With all due respect; it's not working is it, she's asking for advice on a thread entitled 'HELP!!!!!!!!!!!!!!!'



meljayne said:


> Seriously what is with this thread she asked for help on mites and got ripped to shreads on housing two beardies together.. Another fine example of the way rfuk is going lately. All you lot want to wind your neck in
> 
> Hun i keep my beardies together so do what you like with them  if they do have mites look on the internet for ardap spray, take the beardies out of the vivarium once you've got them out of the vivarium, clean it all thouroughly, fresh paper on the bottom spray sides back and floor with ardap, close the glass (dont inhale the spray!!) let it all settled then plonk the beardies back in after 10 mins  it works for 6 weeks so if they DO turn out to have mites this will clear them up  x


The female is gravid and the keeper doesn't sound the most knowledgable ever, I don't see that anyone flamed her at all until she retorted to advice with 'I will do what I like thank you' comments... I am also interested know what you mean by pining, OP, what do they actually do?


----------



## meljayne (Nov 11, 2011)

mstypical said:


> With all due respect; it's not working is it, she's asking for advice on a thread entitled 'HELP!!!!!!!!!!!!!!!'
> 
> 
> 
> The female is gravid and the keeper doesn't sound the most knowledgable ever, I don't see that anyone flamed her at all until she retorted to advice with 'I will do what I like thank you' comments... I am also interested know what you mean by pining, OP, what do they actually do?




She is asking for help on mites.. Anyway im wont be replying again and getting anymore involved in this thread.. Sick of keyboard warriors on rfuk.


----------



## mstypical (Feb 16, 2011)

meljayne said:


> She is asking for help on mites.. Anyway im wont be replying again and getting anymore involved in this thread.. Sick of keyboard warriors on rfuk.


Keyboard warriors?

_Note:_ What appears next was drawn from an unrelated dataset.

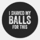 I Shaved My Balls For This captures a humourous and unexpected twist, showcasing a design that embraces a bold and unconventional choice with a touch of playfulness and surprise.
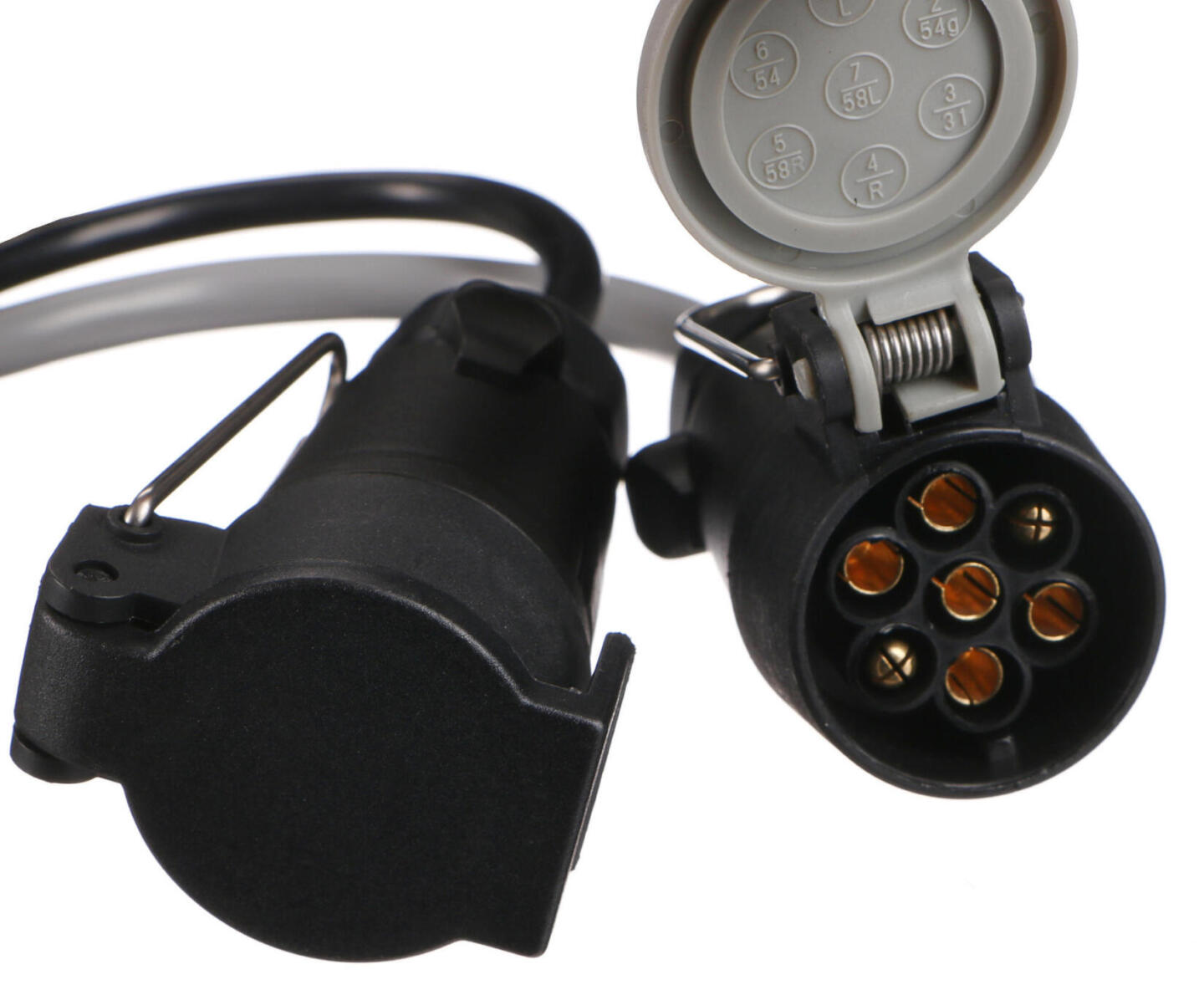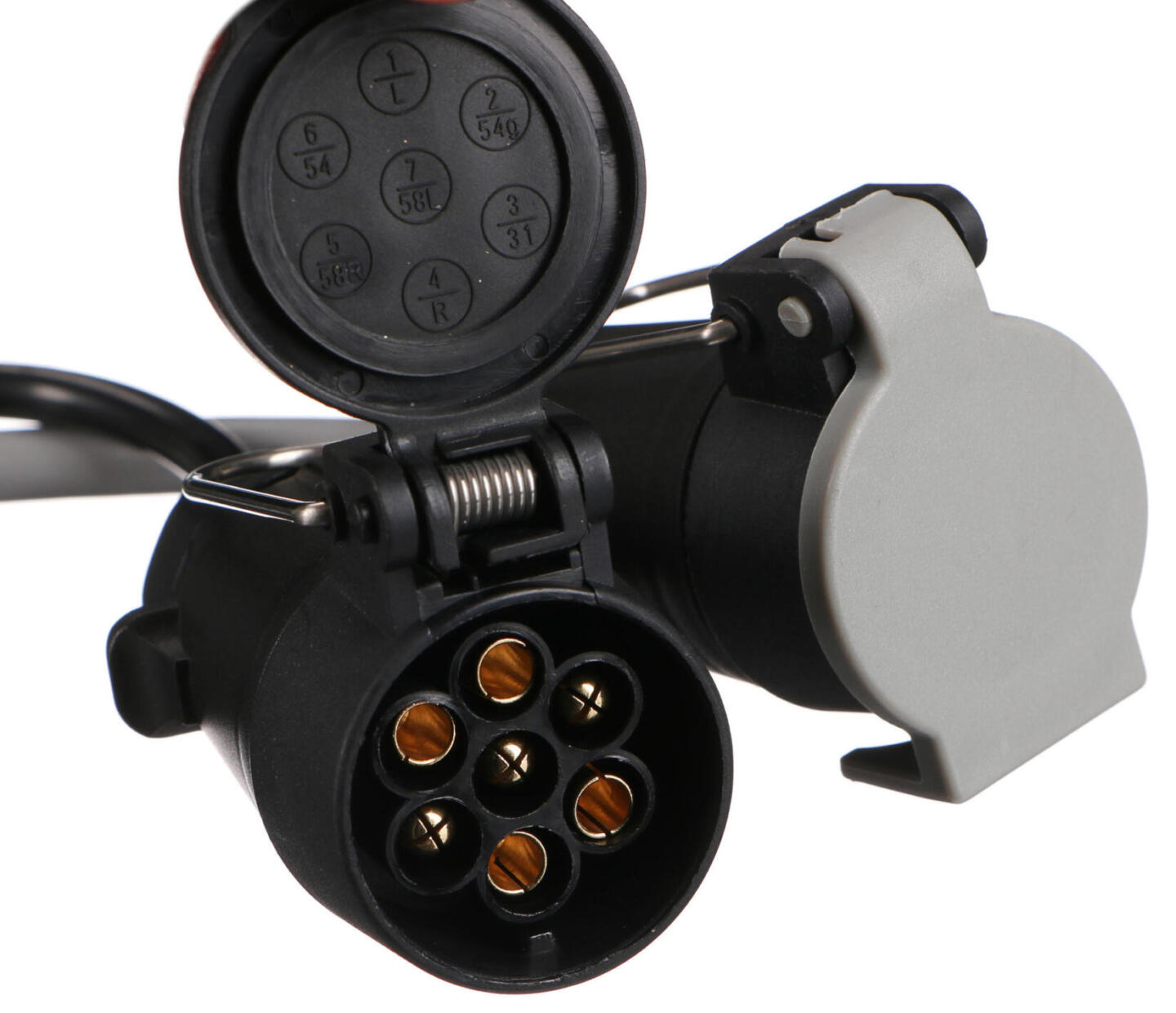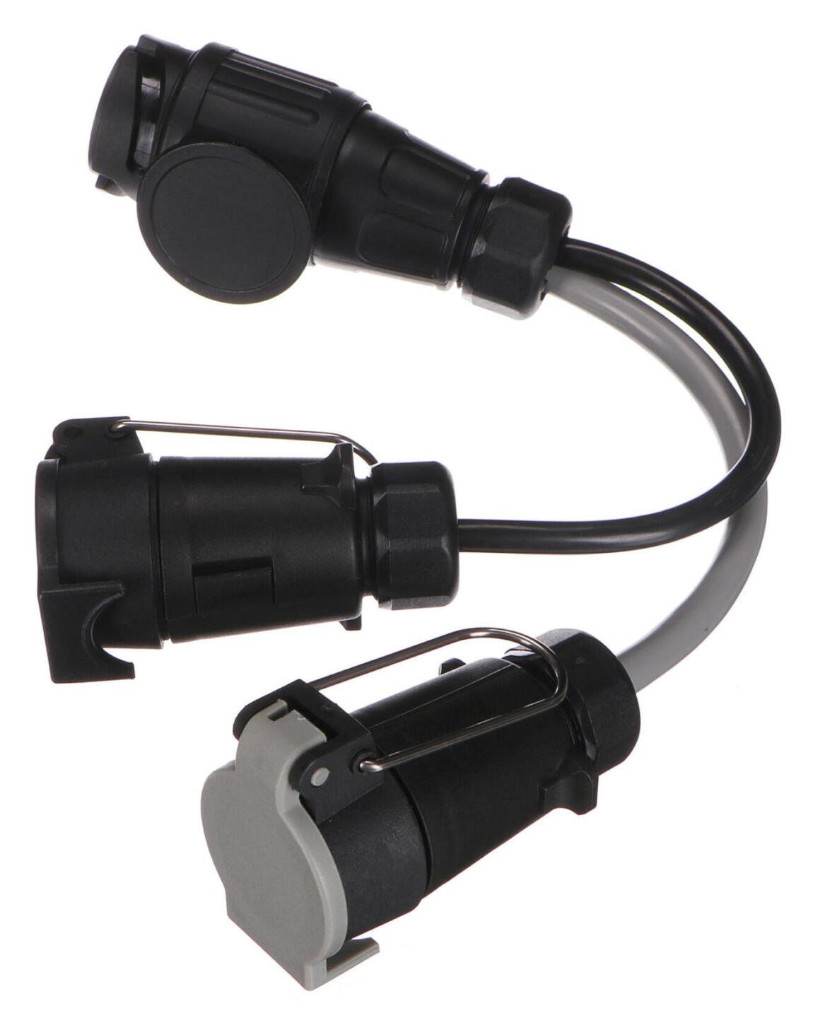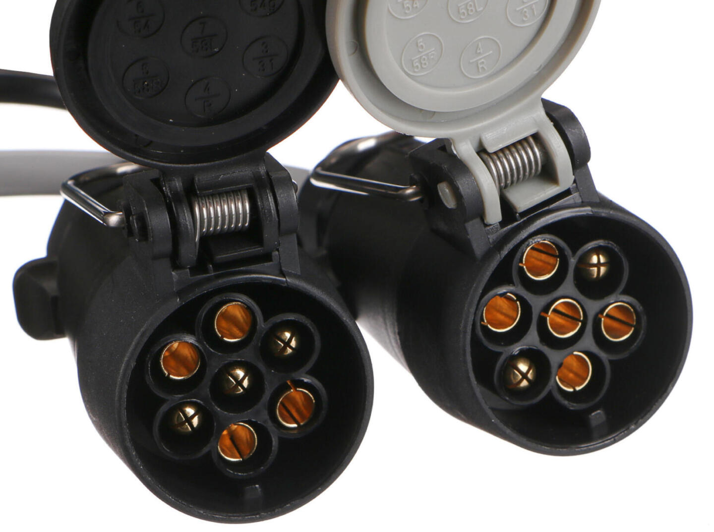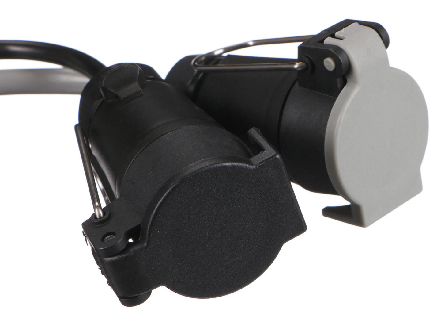 Kabelová redukce TRAILER CABLE 6 převádí 13pinovou zástrčku tažného zařízení na dvě samostatné 7pinové zásuvky typu N a S.

If you mean me you're massively mistaken, I come on the newbie section to help, which you'd know if you recognised my name around the forum. What I don't take kindly to is when someone is offered advice, which is what they asked for, and reply along the lines of 'thanks but no thanks, I know best anyway'. I agree while she is gravid she should be separated from the male, particularly if the eggs are going to be incubated, to avoid stress for her during this time.

Edit - And the problem doesn't sound like mites, do you suggest we simply say 'it's not mites' and leave it at that?


----------



## meljayne (Nov 11, 2011)

mstypical said:


> Keyboard warriors? If you mean me you're massively mistaken, I come on the newbie section to help, which you'd know if you recognised my name around the forum. What I don't take kindly to is when someone is offered advice, which is what they asked for, and reply along the lines of 'thanks but no thanks, I know best anyway'. I agree while she is gravid she should be separated from the male, particularly if the eggs are going to be incubated, to avoid stress for her during this time.
> 
> Edit - And the problem doesn't sound like mites, do you suggest we simply say 'it's not mites' and leave it at that?




I wasn't on about you lol, i meant the people above when they decide to react like a keyboard warrior, no i know its not mites, it coukd have been anything, specs of dirt that have come away post shed, unless there is cause for concern ie not eating, lethargic etc i would have said yeah its not mites leave it at that


----------



## misstiggins (Jun 9, 2011)

no one can help it if they buy a reptile and are given bad advice.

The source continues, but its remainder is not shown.